Bug 1834989

Summary:	Ingress operator performs spurious updates in response to API's defaulting of liveness and readiness probes
Product:	OpenShift Container Platform	Reporter:	Miciah Dashiel Butler Masters <mmasters>
Component:	Networking	Assignee:	Miciah Dashiel Butler Masters <mmasters>
Networking sub component:	router	QA Contact:	Hongan Li <hongli>
Status:	CLOSED ERRATA	Docs Contact:
Severity:	unspecified
Priority:	unspecified	CC:	aos-bugs
Version:	4.5
Target Milestone:	---
Target Release:	4.5.0
Hardware:	Unspecified
OS:	Unspecified
Whiteboard:
Fixed In Version:		Doc Type:	Bug Fix
Doc Text:	Cause: When the ingress operator reconciles an IngressController, the operator determines whether it needs to update the IngressController's Deployment by constructing an expected Deployment in memory, getting the actual Deployment from the API, and comparing the two. The operator leaves some values unspecified in its expected Deployment. When the API set default values for these unspecified values, the comparison would return a false positive. Consequence: The operator was repeatedly trying to update IngressControllers' Deployments in response to the API's setting default values. Fix: The operator now considers unspecified values and default values to be equal when comparing Deployments. Result: The operator should no longer update Deployments in response to API defaulting.	Story Points:	---
Clone Of:		Environment:
Last Closed:	2020-07-13 17:37:59 UTC	Type:	Bug
Regression:	---	Mount Type:	---
Documentation:	---	CRM:
Verified Versions:		Category:	---
oVirt Team:	---	RHEL 7.3 requirements from Atomic Host:
Cloudforms Team:	---	Target Upstream Version:
Embargoed:

Description Miciah Dashiel Butler Masters 2020-05-12 20:03:00 UTC

Description of problem:

When the ingress operator compares an ingress controller's deployment that the operator gets from the API with what the operator expects to get in order to determine whether an update is needed, the operator compares the deployment's containers' liveness and readiness probes' parameters.  The API sets default values for these parameters, which the operator detects, and as a result, the operator repeatedly tries to update the deployment.  The operator should not update the deployment in response to API defaulting.


Steps to Reproduce:

1. Launch a new cluster.
2. Check the ingress operator's logs:

    oc -n openshift-ingress-operator logs deploy/ingress-operator


Actual results:

The ingress operator's logs have "updated router deployment" repeated scores of times.


Expected results:

The ingress operator should ignore the defaults that the API sets and should reach a steady state and stop logging "updated router deployment".


Additional info:

The following CI run shows "updated router deployment" logged 105 times:

https://storage.googleapis.com/origin-ci-test/pr-logs/pull/openshift_cluster-ingress-operator/391/pull-ci-openshift-cluster-ingress-operator-master-e2e-aws-operator/1489/artifacts/e2e-aws-operator/pods/openshift-ingress-operator_ingress-operator-655cf4d46c-4lzjr_ingress-operator.log

I expect to see "updated router deployment" logged a smaller number of times, as in this CI run, which has only 7 occurrences of "updated router deployment":

https://storage.googleapis.com/origin-ci-test/pr-logs/pull/openshift_cluster-ingress-operator/391/pull-ci-openshift-cluster-ingress-operator-master-e2e-aws-operator/1494/artifacts/e2e-aws-operator/pods/openshift-ingress-operator_ingress-operator-77595bd9f5-wzlnp_ingress-operator.log

Comment 3 Hongan Li 2020-05-19 09:27:08 UTC

verified with 4.5.0-0.nightly-2020-05-18-225907 and issue has been fixed.
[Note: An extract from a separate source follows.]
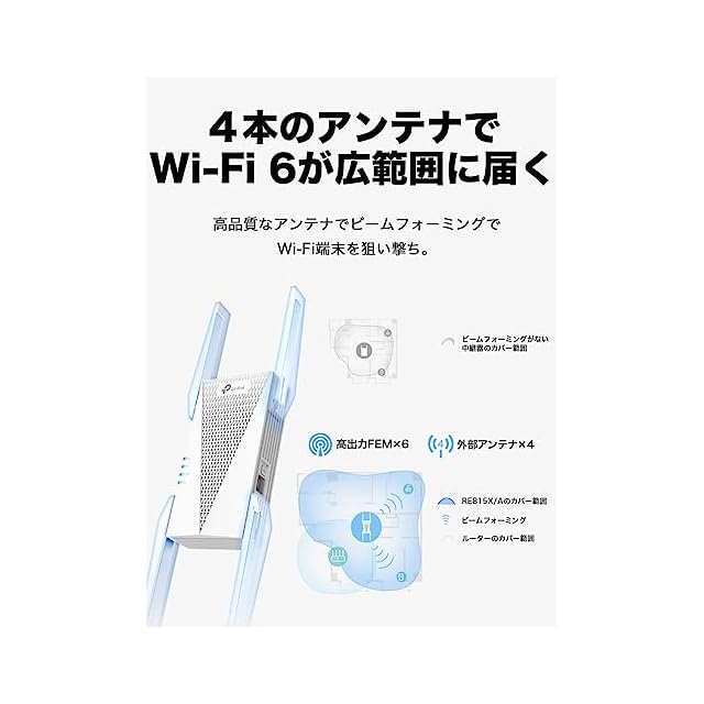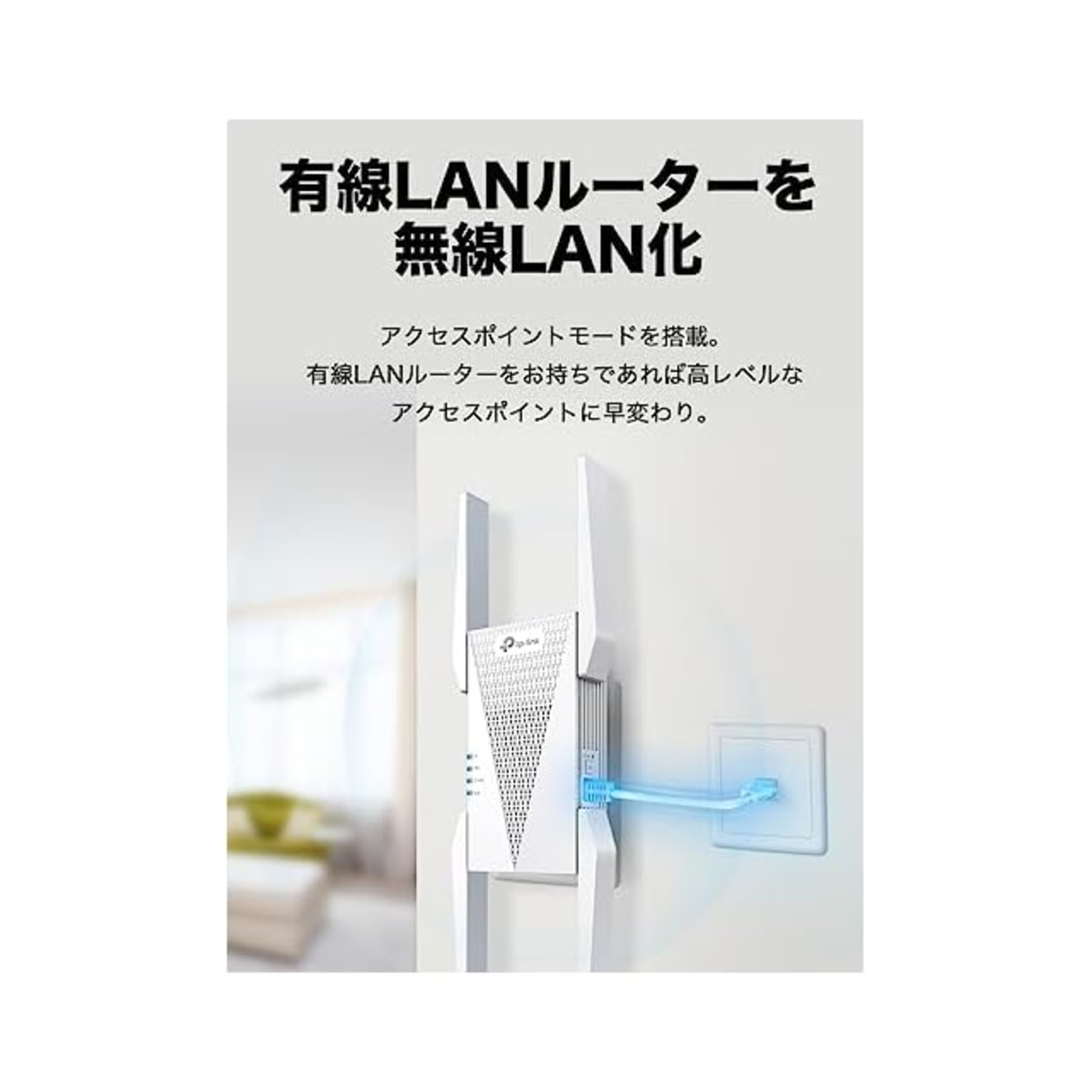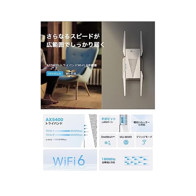 商品名:TP-Link Wi-Fi 無線LAN 中継器 Wi-Fi6 対応 2402Mbps(5Ghz) + 2402Mbps(5GHz) + 574Mbps(2.4GHz) 11ax/ac トライバンド 160MHz スマートローミング OneMesh 対応 かんたん設定 ブリッジモード (APモード) ギガ有線LANポート RE815X/A

Comment 4 errata-xmlrpc 2020-07-13 17:37:59 UTC

Since the problem described in this bug report should be
resolved in a recent advisory, it has been closed with a
resolution of ERRATA.

For information on the advisory, and where to find the updated
files, follow the link below.

If the solution does not work for you, open a new bug report.

https://access.redhat.com/errata/RHBA-2020:2409